New Zealand is the first country in the world to introduce laws mandating banks, insurance, and investment firms to report on the impacts of climate change to their business. To accurately quantify climate risk, firms will need greater consistency, sophistication, and availability of climate risk data.

Accenture New Zealand Managing Director Ben Morgan said, globally, financial regulators are placing greater demands on financial institutions to demonstrate effective management of climate risks.

"The OECD estimates that US$6.9 trillion of investment would be required each year through to 2030 to meet the Paris Agreement. Governments alone can’t pay for this so private finance will be essential for global economies to transition to low carbon," Mr Morgan said.

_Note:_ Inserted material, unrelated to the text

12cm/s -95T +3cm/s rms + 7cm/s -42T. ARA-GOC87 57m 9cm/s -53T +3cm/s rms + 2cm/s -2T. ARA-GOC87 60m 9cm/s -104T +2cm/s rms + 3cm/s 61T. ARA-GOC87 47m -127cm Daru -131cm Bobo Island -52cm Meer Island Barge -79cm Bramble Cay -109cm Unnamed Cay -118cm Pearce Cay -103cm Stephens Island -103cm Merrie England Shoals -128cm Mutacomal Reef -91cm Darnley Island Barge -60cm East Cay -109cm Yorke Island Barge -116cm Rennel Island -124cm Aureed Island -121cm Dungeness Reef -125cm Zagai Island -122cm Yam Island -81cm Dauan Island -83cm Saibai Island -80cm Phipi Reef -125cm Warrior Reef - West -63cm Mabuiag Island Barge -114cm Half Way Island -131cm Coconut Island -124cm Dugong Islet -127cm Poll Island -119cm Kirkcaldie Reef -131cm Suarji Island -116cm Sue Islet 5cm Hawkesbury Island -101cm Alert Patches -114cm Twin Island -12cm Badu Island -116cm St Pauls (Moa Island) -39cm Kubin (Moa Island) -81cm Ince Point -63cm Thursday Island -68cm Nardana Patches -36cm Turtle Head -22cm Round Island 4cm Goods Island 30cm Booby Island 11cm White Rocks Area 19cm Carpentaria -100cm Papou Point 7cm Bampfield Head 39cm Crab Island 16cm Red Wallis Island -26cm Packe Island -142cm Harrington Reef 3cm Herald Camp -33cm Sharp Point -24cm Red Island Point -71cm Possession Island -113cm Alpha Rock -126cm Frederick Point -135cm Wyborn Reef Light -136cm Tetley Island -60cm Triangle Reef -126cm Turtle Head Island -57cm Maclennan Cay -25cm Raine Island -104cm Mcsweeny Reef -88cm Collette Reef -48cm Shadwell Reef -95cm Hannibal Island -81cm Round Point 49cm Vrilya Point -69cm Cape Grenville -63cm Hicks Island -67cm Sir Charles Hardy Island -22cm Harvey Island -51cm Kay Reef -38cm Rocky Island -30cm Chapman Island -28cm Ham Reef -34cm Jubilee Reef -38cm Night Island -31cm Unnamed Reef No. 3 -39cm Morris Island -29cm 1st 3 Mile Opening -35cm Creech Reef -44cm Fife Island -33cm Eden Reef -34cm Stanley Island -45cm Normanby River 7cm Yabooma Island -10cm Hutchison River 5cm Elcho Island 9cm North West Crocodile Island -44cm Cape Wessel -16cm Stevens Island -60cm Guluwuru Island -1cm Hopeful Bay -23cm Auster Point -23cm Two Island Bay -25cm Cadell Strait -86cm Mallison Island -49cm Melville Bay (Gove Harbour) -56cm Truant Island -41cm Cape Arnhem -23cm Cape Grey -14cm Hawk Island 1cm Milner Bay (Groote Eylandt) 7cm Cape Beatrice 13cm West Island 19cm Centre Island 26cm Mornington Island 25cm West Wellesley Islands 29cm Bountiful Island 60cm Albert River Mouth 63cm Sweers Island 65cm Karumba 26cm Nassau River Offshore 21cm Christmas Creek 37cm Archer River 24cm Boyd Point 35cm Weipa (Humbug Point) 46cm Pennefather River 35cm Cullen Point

"Climate-related financial risk disclosures will be an important part of the solution. They help create discipline around the collation, analysis and interpretation of data which, in turn, could lead to a more efficient allocation of capital in which climate risks are fully priced in.

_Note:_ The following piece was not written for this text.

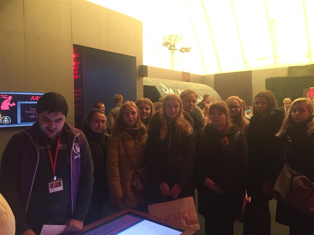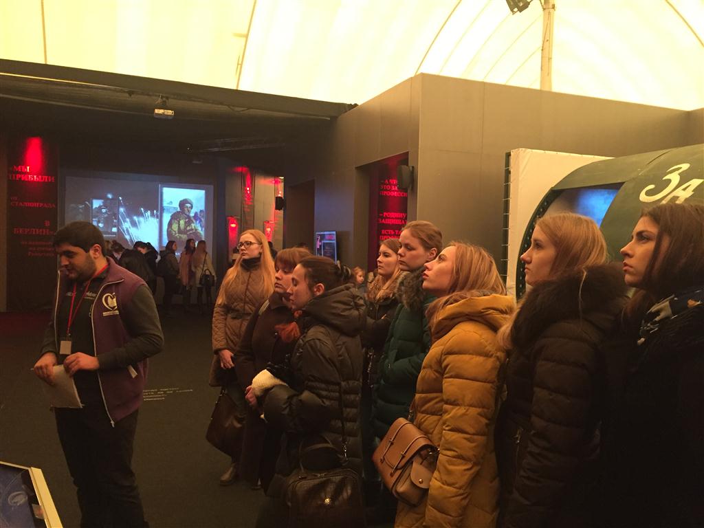Хотя формат выставки преимущественно электронный, студентов встретили замечательные волонтеры: студенты исторического факультета, которые провели по залам, рассказали много нового и интересного. С помощью самых современных технологий, уникальных видео- и фотоматериалов, рассекреченных документов и неизвестных артефактов военной поры студенты познакомились с настоящей историей и попытками ее фальсификации. Выставка дала возможность побывать в блиндаже, в окопах, в салоне настоящего бомбардировщика и увидеть, как сбрасывали бомбы на Берлин. А затем с помощью тач-скринов они смогли самостоятельно изучить все мифы о Великой Отечественной, накопившиеся за последние 30 лет, и сделать собственные выводы. В противовес мифам – тысячи страниц фактов, фото, документов. Дополнительным путеводителем здесь служит знаменитая книга Владимира Мединского «Война».

"However, banks and financial services firms will have to overcome a number of hurdles to quantify and manage climate risk properly.

"This is no small task. It remains uncertain how the risks emerging from a transition to a low-carbon economy will unfold over time. Allowing firms to respond effectively will require greater consistency, sophistication, and availability of climate risk data.

"Many of the financial risks associated with climate change are also unlikely to manifest itself within firm’s current financial planning cycles. The degree to which they should seek immediate action depends on the exposure to the balance sheets to climate change.

"For example, physical risks are more immediately relevant for banks with a high share of products with a long term like mortgages. Transition risks are more important for those with a greater proportion of commercial leans to certain industry sectors.

"Adding to the challenge, significant disparities exist between the industry-level impact of climate change and that on the individual firms within an industry."

To date, global progress on climate-related financial disclosure regimes is through the industry-led Taskforce for Climate-Related Financial Disclosures (TCDF) which provided financial disclosure recommendations to help companies provide better information to support capital allocation.

The TCDF is supported by 1,500 firms globally with a market capitalisation of US $12.6 trillion and financial institutions responsible for assets of over US $150 trillion.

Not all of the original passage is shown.